Rocky follows the ELT pattern — it operates on data already in your warehouse, landed by ingestion tools like Fivetran or Airbyte. Rocky handles the T (transformation and replication within the warehouse), not the E or L.
Why Rocky?
Section titled “Why Rocky?”Traditional tools like dbt work well at small scale, but introduce significant overhead as pipelines grow:
- Slow startup: dbt takes 30-60 seconds just to start, then 2-3 minutes to parse 500 models
- Memory-hungry: A mid-size dbt project consumes 500MB-2GB of RAM
- Jinja complexity: Business logic buried in template macros is hard to test and debug
- Repetitive staging: Writing
SELECT * FROM {{ source(...) }}for every source table
Rocky eliminates these problems by compiling to a single binary that starts in under 100ms, parses instantly, and uses pure SQL instead of Jinja templates.
Key Design Principles
Section titled “Key Design Principles”- Adapter-based architecture: Source adapters (Fivetran, DuckDB, manual) handle discovery; warehouse adapters (Databricks, Snowflake, DuckDB) handle execution.

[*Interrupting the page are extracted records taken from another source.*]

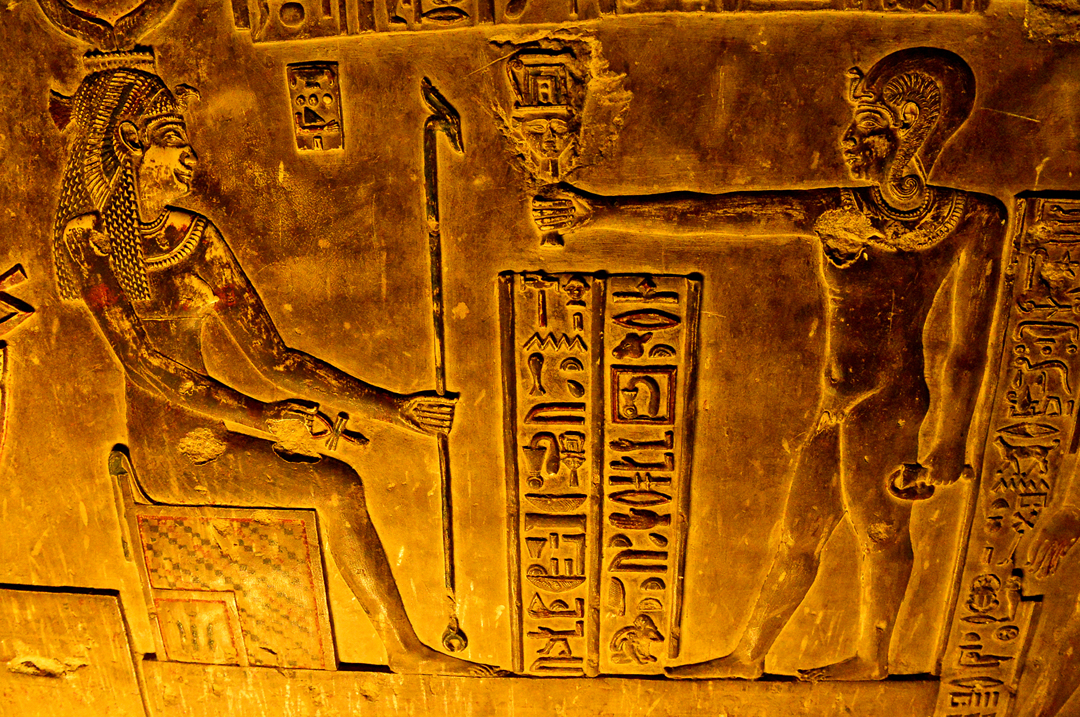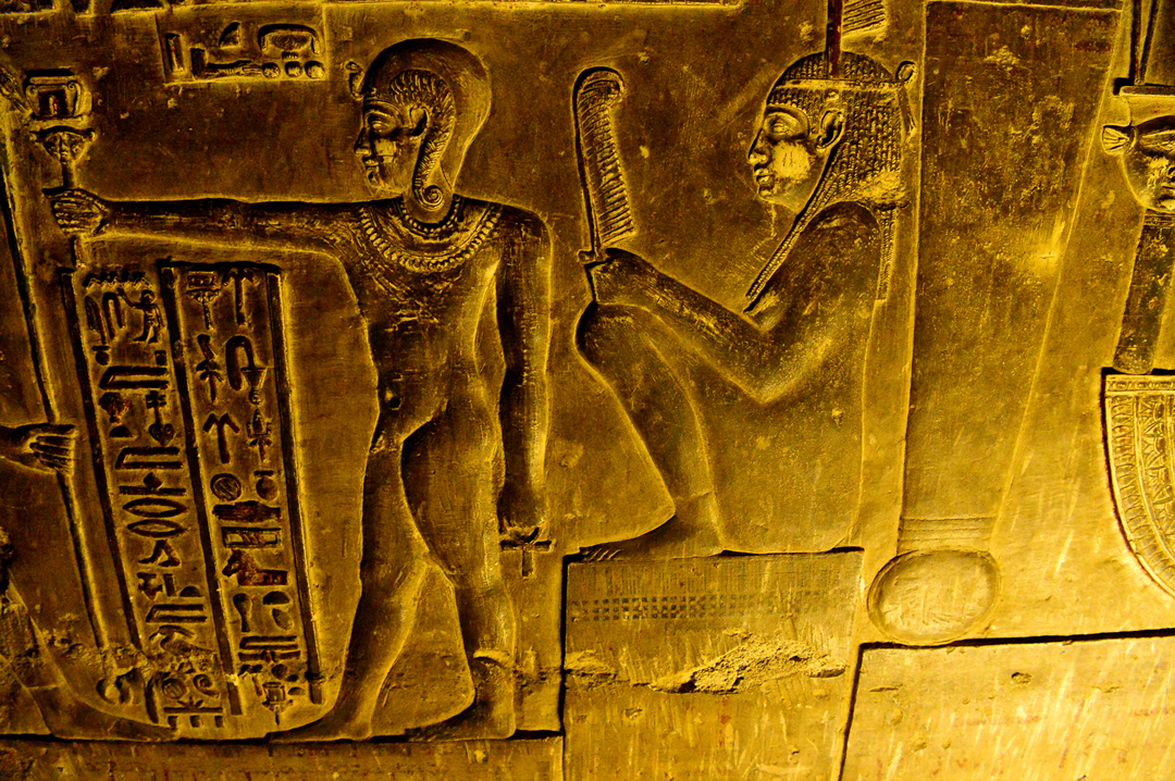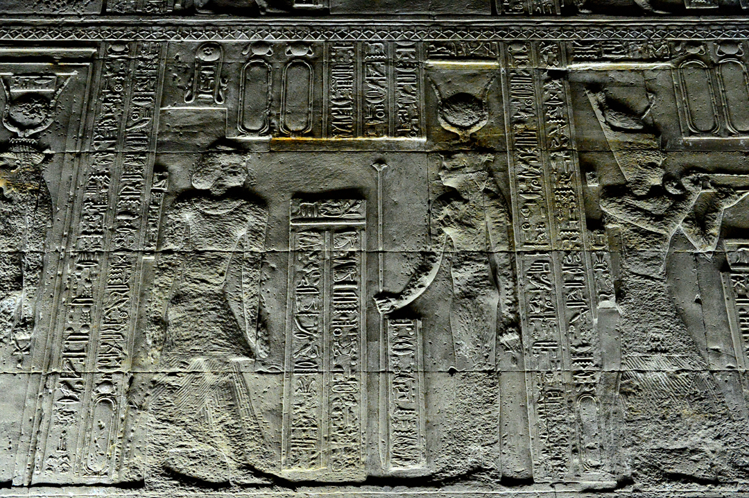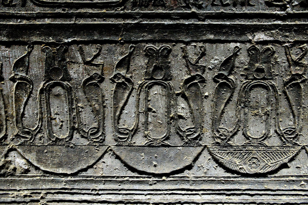 히에로글리프는 처음에는 파라오의 업적이나 사후 세계를 위한 주문을 신전의 기둥이나 무덤의 벽에 돋새김
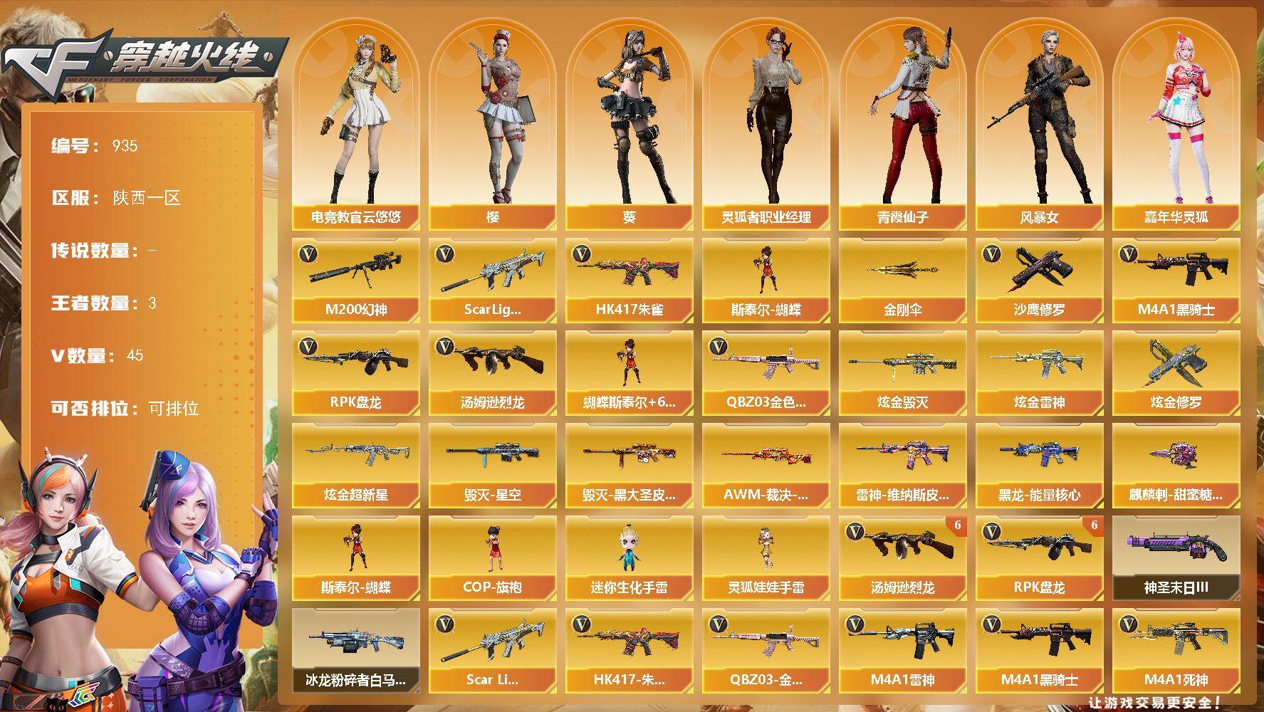 [17263009]陕西一区-45V-3王者-4炫金 【热门武器】:QBZ03-金色蔷薇,Scar Light-白虎,HK417-朱雀,M200-幻神,M4A1-黑骑士,汤姆逊-烈龙*7,RPK-盘龙*6,斯泰尔-蝴蝶,沙鹰-修罗*4,金刚伞 【王者炫金武器】:炫金雷神,炫金超新星,炫金毁灭,炫金修罗 【皮肤】:AWM-裁决-凤灵皮肤,雷神-维纳斯皮肤,毁灭-星空,毁灭-黑大圣皮肤,黑龙-能量核心,麒麟刺-甜蜜糖果 皮肤 【角色】:葵,樱,电竞教官-云悠悠,风暴女*2,嘉年华灵狐,灵狐者-七夕宝贝,灵狐者-职业经理,龙儿-小淘气,麻雀,曼陀罗-礼服,潘多拉-X,青霞仙子,赛斯-X,斯沃特-X,兔囡囡 【人偶武器】:斯泰尔-蝴蝶,COP-旗袍,迷你生化手雷,灵狐娃娃手雷 【挑战大师】:冰龙粉碎者-白马银枪*2,神圣爆裂者-末日III 【英雄级武器】:AK47-火麒麟,M4A1-雷神,M4A1-黑骑士,M4A1-死神,HK417-朱雀,Scar Light-白虎,无影-神兵利器,QBZ03-金色蔷薇,王者之心-觉醒版,王者火魄-觉醒版,Barrett-毁灭,M200-幻神,RPK-盘龙*6,炼狱-悦蓝-觉醒版,汤姆逊-烈龙*7,沙鹰-修罗*4,屠龙,擎天,麒麟刺,高爆手雷-竞技荣光*4,闪光弹-竞技荣光*4,烟雾弹-竞技荣光*4 【道具】:背包-葫芦兄弟,黄金生化钩,生化弹匣,夺命之镰,防化服,金色流光-枪王排位*2,斯沃特表情,EP战队名片,C4-沙漠,防弹头盔,防弹衣,C4工具钳,手雷包 【特殊枪械】:蝴蝶斯泰尔+6烈龙,1白虎,1黑骑士,6烈龙,6盘龙,1蝴蝶斯泰尔
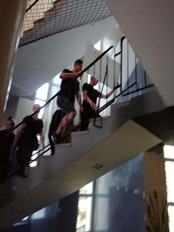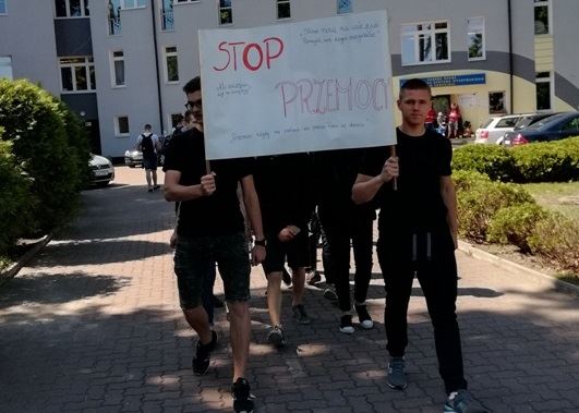 Z takim oto przesłaniem uczniowie klasy III TKLM wraz z wychowawcą klasy Dominiką Kubiak-Szczudło zorganizowali Marsz Przeciwko Przemocy Werbalnej. Wszyscy ubrani na czarno prezentowali transparent z hasłem o przemocy. Uczniowie maszerując korytarzami szkolnymi i przed szkołą dali przykład swoim rówieśnikom, że Przemocy należy mówić NIE! ponieważ przemoc słowna jest źródłem zachowań patologicznych.
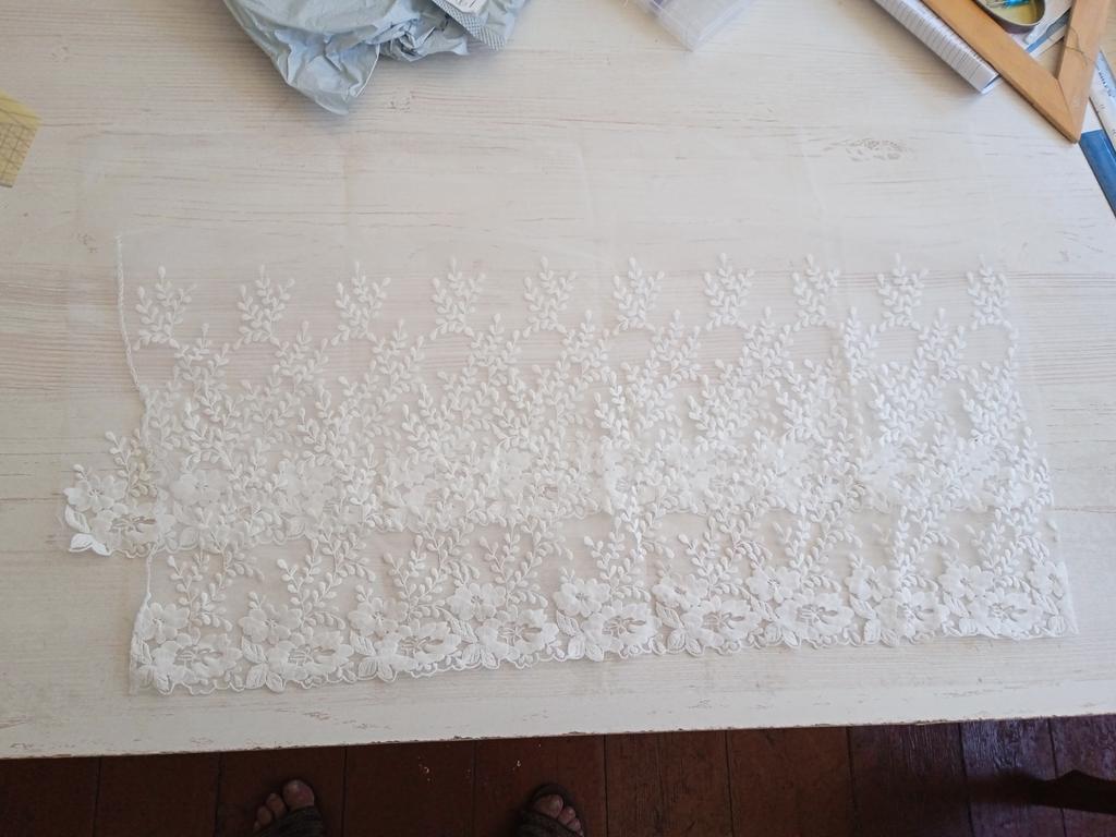 The lace on the mesh is very beautiful. Size 2 meters, width 29 cm instead of 32 cm. When sewing, 3 cm means a lot. Not reliable information.
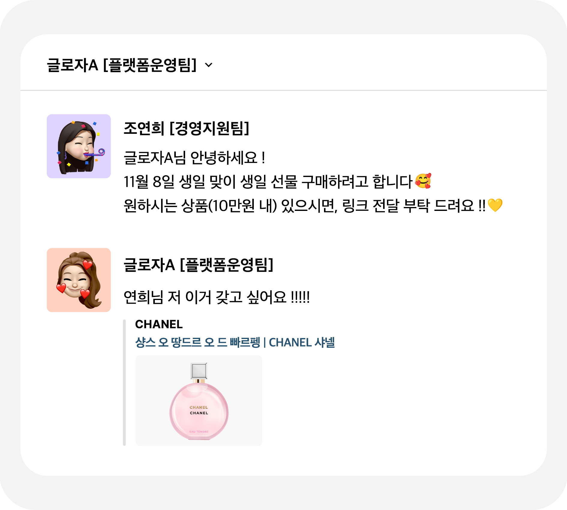 생일 약 일주일 전부터, 희망하는 생일 선물 조사를 위해 SLACK으로 링크를 요청 드려요.
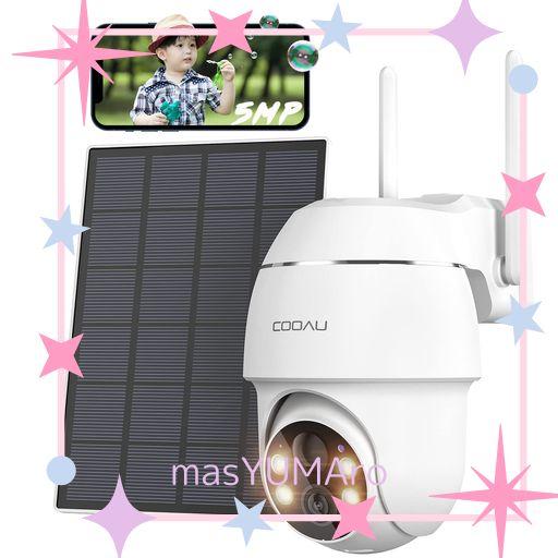 【進化500万超高画素・天井/壁両用防犯カメラ】COOAU 防犯カメラ 屋外 ソーラー 4灯夜間カラー撮影 PIR人体検知 5DBIWIFI強化 360°広角撮影 PTZカメラ 監視カメラ 屋外用 電源不要 配線工事不要 …
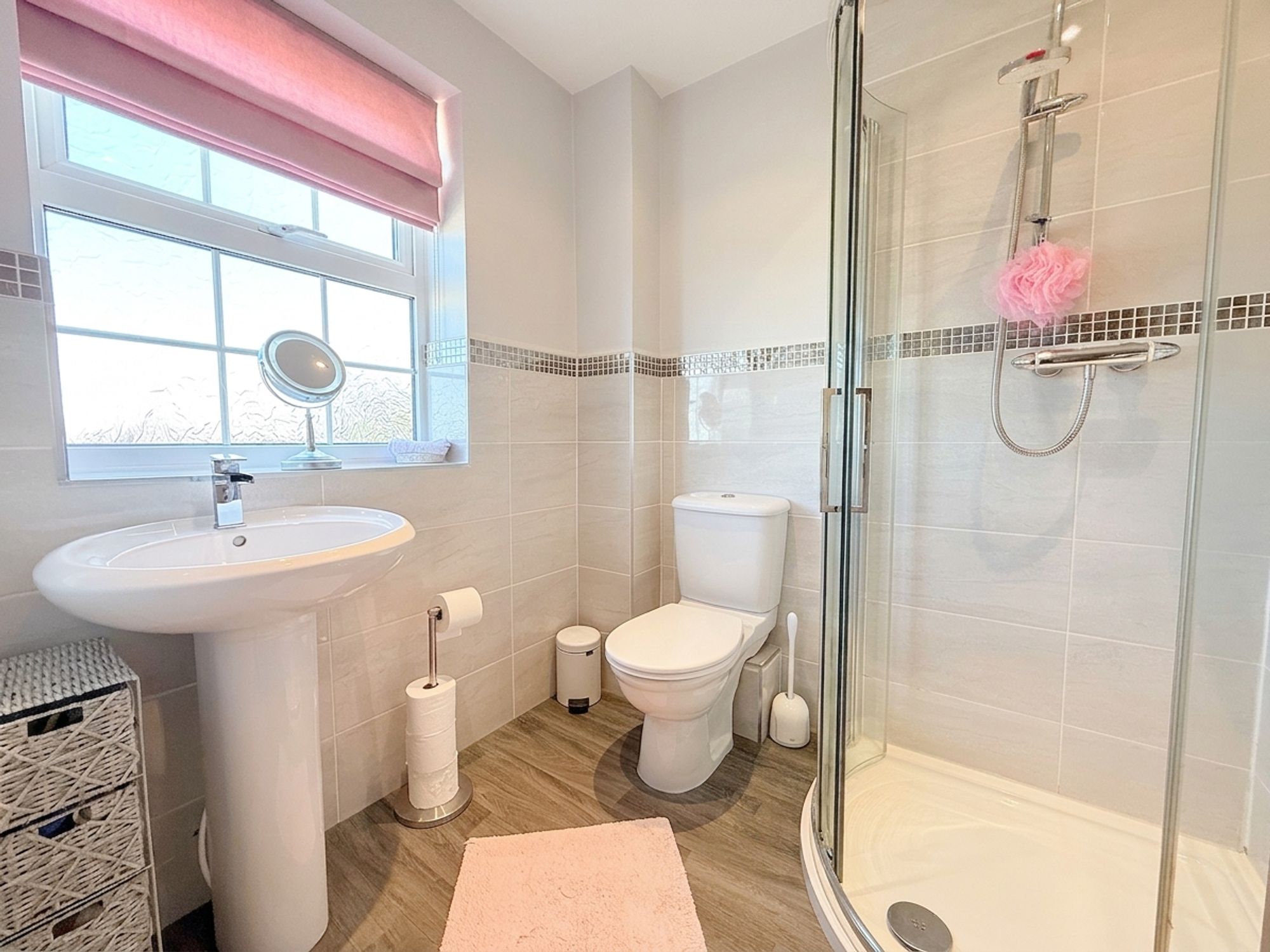 Fitted with a shower enclosure with chrome handheld attachment, WC and pedestal wash basin with chrome mixer tap. Additional features include a white heated towel rail, electric shaver point and frosted window. Finished with neutral wall tiling, decorative accents and wood-effect flooring.
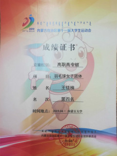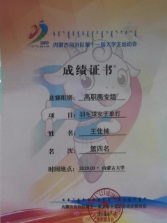桥梁工程系质检1735班王佳楠同学在内蒙古自治区第十一届大学生运动会羽毛球女子双打比赛中获得第二名优异成绩,在羽毛球女子单打比赛、羽毛球女子团体比赛中均获得第四名优异成绩。
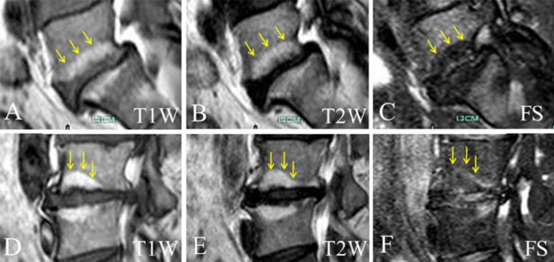 Ⅰ型:组织学表现为终板及终板下区域有丰富的肉芽组织长入, 纤维血管组织代替了增厚的骨小梁间的正常骨髓,从而延长了椎体 T1、T2 驰豫时间,T1WI 上终板及邻近骨质表现为低信号,T2WI 上表现为高信号,抑脂序列呈高信号,表明骨髓水肿。
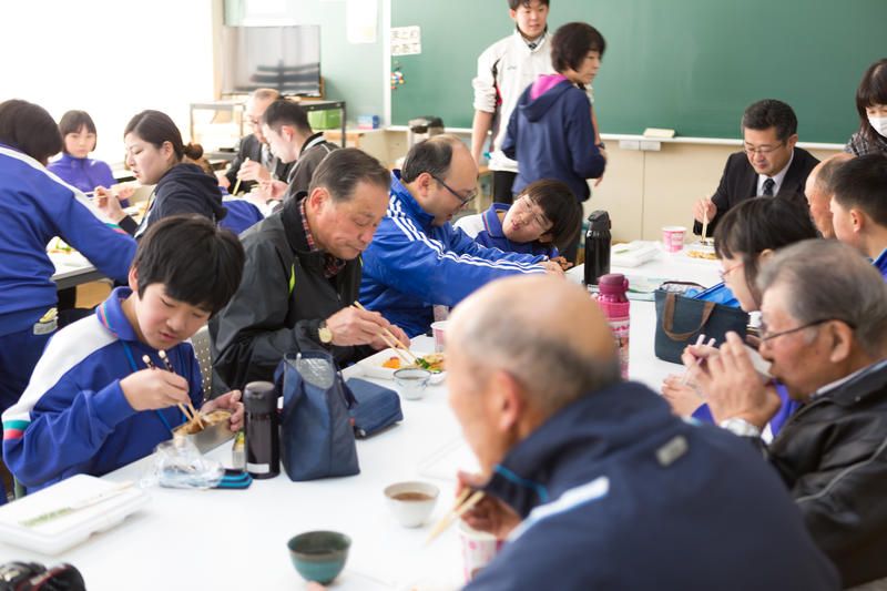 午前中の作業が終わった後は、地域の方と一緒にお昼ご飯を食べました。大勢で食べる食事はやっぱりいいものですね。
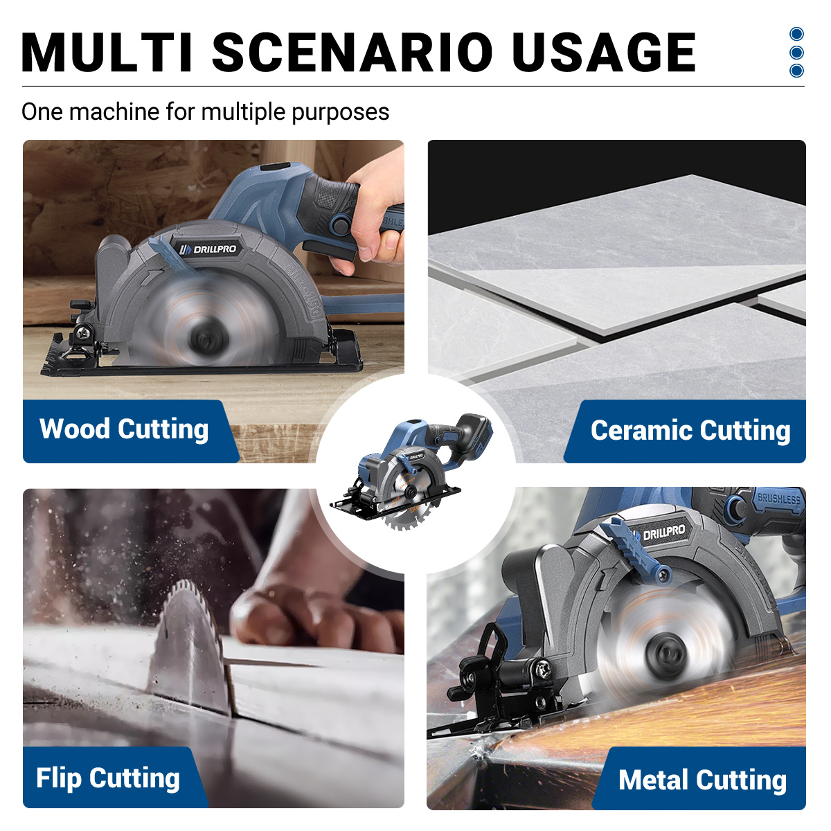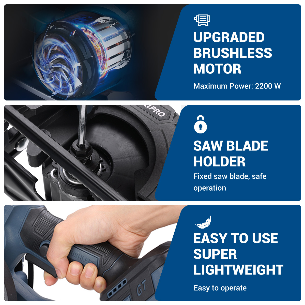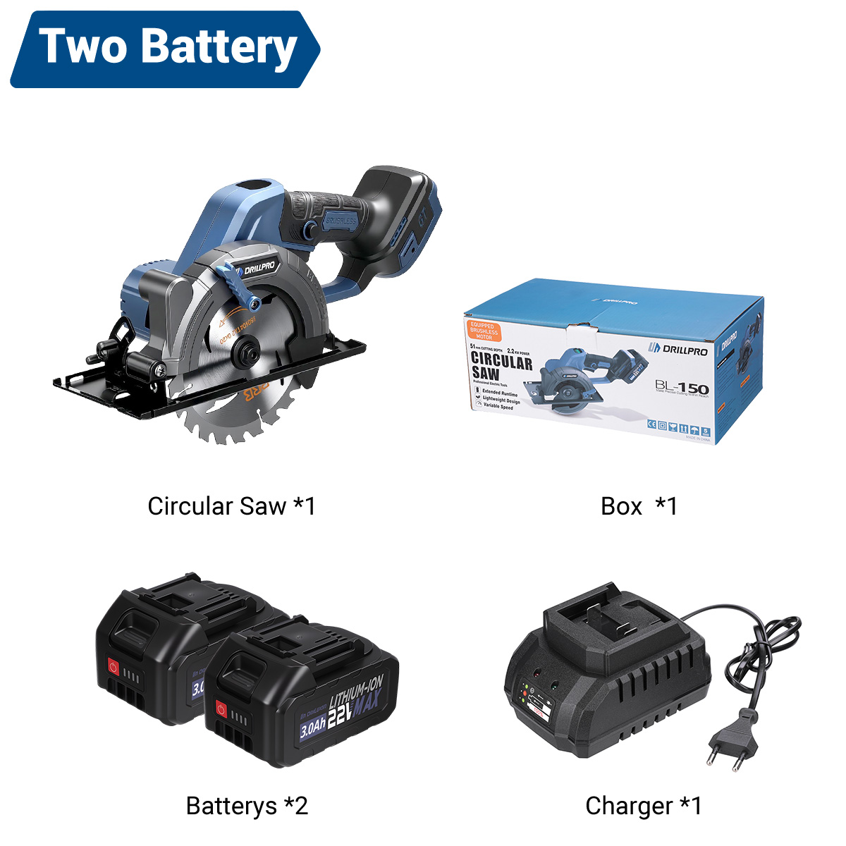 Drillpro harjaton langaton pyörösaha 2200 W 6800 kierrosta minuutissa 51 mm leikkaussyvyys 22 V akulle

The core engine is warehouse-agnostic.
- Config over code: The bronze layer (source replication) is driven entirely by
rocky.toml— no SQL files needed for 1:1 copies - Pure SQL: Transformation models use standard SQL with TOML configuration — no templating language
- Inline quality checks: Data checks run during replication, not as a separate step
- Structured output: All CLI output is versioned JSON, designed for orchestrator integration
- Embedded state: Watermarks stored in a local
redbdatabase, with optional remote sync to S3 or Valkey
How Rocky Compares to dbt
Section titled “How Rocky Compares to dbt”| Concept | dbt | Rocky |
|---|---|---|
| Project config | dbt_project.yml + profiles.yml | rocky.toml |
| Connection config | profiles.yml | [adapter.NAME] blocks in rocky.toml |
| Sources | schema.yml with source() macro | Auto-discovered (Fivetran, DuckDB, manual) |
| Staging models | One .sql file per source table | Config-driven bronze layer (zero SQL) |
| Transformation models | SQL + Jinja {{ ref() }} | SQL + TOML config |
| Materialization config | {{ config(materialized='...') }} | [strategy] in TOML |
| Dependencies | {{ ref('model') }} | depends_on = ["model"] |
| Macros | Jinja macros | Not needed — pure SQL |
| Seeds | CSV files loaded as tables | Not supported (out of scope) |
| Snapshots | SCD Type 2 via snapshots | merge strategy with unique key |
| Tests | schema.yml tests | Inline checks in rocky.toml |
| Compile | dbt compile | rocky plan |
| Run | dbt run | rocky run |
| Test separately | dbt test | Built into rocky run |
| State | manifest.json + target/ | Embedded redb database |
Supported Adapters
Section titled “Supported Adapters”Rocky’s adapter model separates where data is discovered from where data is processed:
| Role | Adapter | Description |
|---|---|---|
| Source | Fivetran | Calls Fivetran REST API to discover connectors and enabled tables |
| Source | DuckDB | Lists schemas and tables from a local DuckDB database via information_schema |
| Source | Manual | Reads schema/table definitions from rocky.toml config |
| Warehouse | Databricks | Executes SQL via SQL Statement API, manages Unity Catalog governance |
| Warehouse | Snowflake | Executes SQL via Snowflake REST API; OAuth, key-pair JWT, and password auth |
| Warehouse | BigQuery | Executes SQL via BigQuery API; service account and application default auth (Beta) |
| Warehouse | DuckDB | Local in-process execution — runs rocky validate/discover/plan/run end-to-end with no credentials |
Source adapters are metadata-only — they identify what schemas and tables exist, they do not extract or move data. The actual data must already be in the warehouse, landed by an ingestion tool.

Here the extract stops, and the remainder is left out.